> [ASSIGNMENT]
No pictures in the copy. Write out the listing below exactly.

> [PROVIDED DATA]
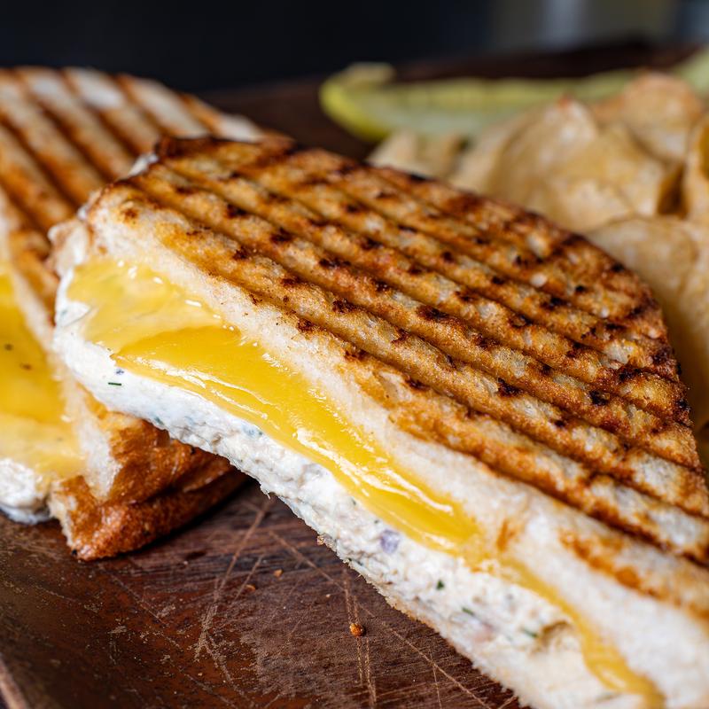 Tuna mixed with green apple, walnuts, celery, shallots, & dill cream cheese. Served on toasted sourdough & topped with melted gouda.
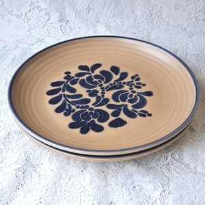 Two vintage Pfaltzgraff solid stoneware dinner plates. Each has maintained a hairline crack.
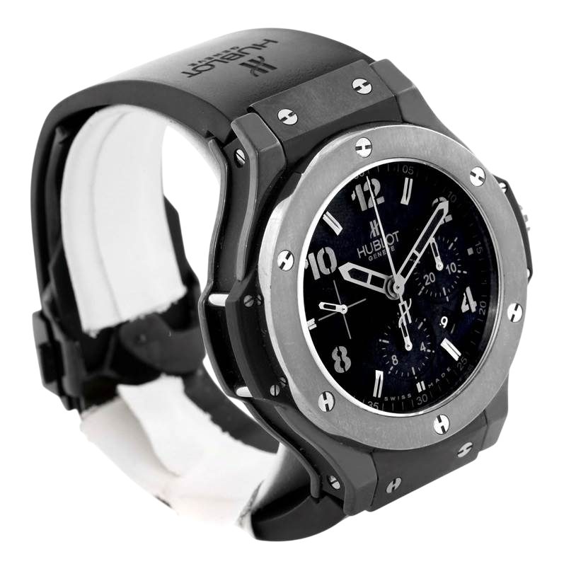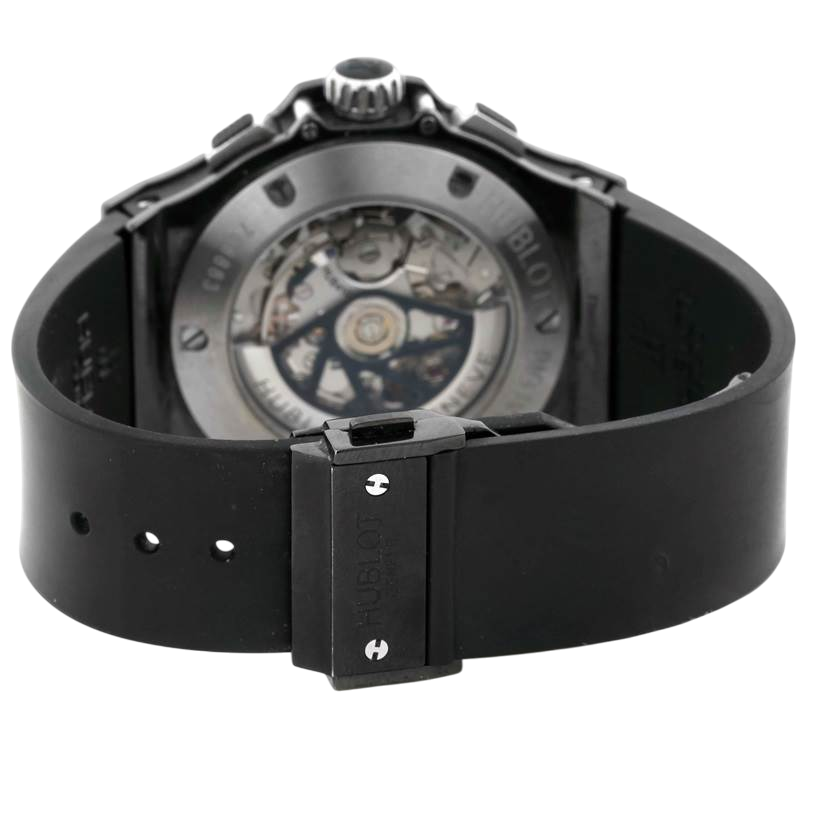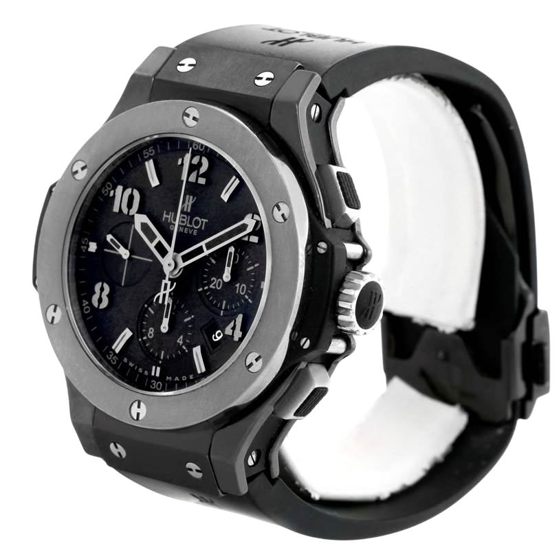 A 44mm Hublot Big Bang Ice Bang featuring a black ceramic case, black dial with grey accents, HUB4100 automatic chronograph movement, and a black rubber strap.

> [PROBLEM SOLUTION]
 Tuna mixed with green apple, walnuts, celery, shallots, & dill cream cheese. Served on toasted sourdough & topped with melted gouda.
 Two vintage Pfaltzgraff solid stoneware dinner plates. Each has maintained a hairline crack.
 A 44mm Hublot Big Bang Ice Bang featuring a black ceramic case, black dial with grey accents, HUB4100 automatic chronograph movement, and a black rubber strap.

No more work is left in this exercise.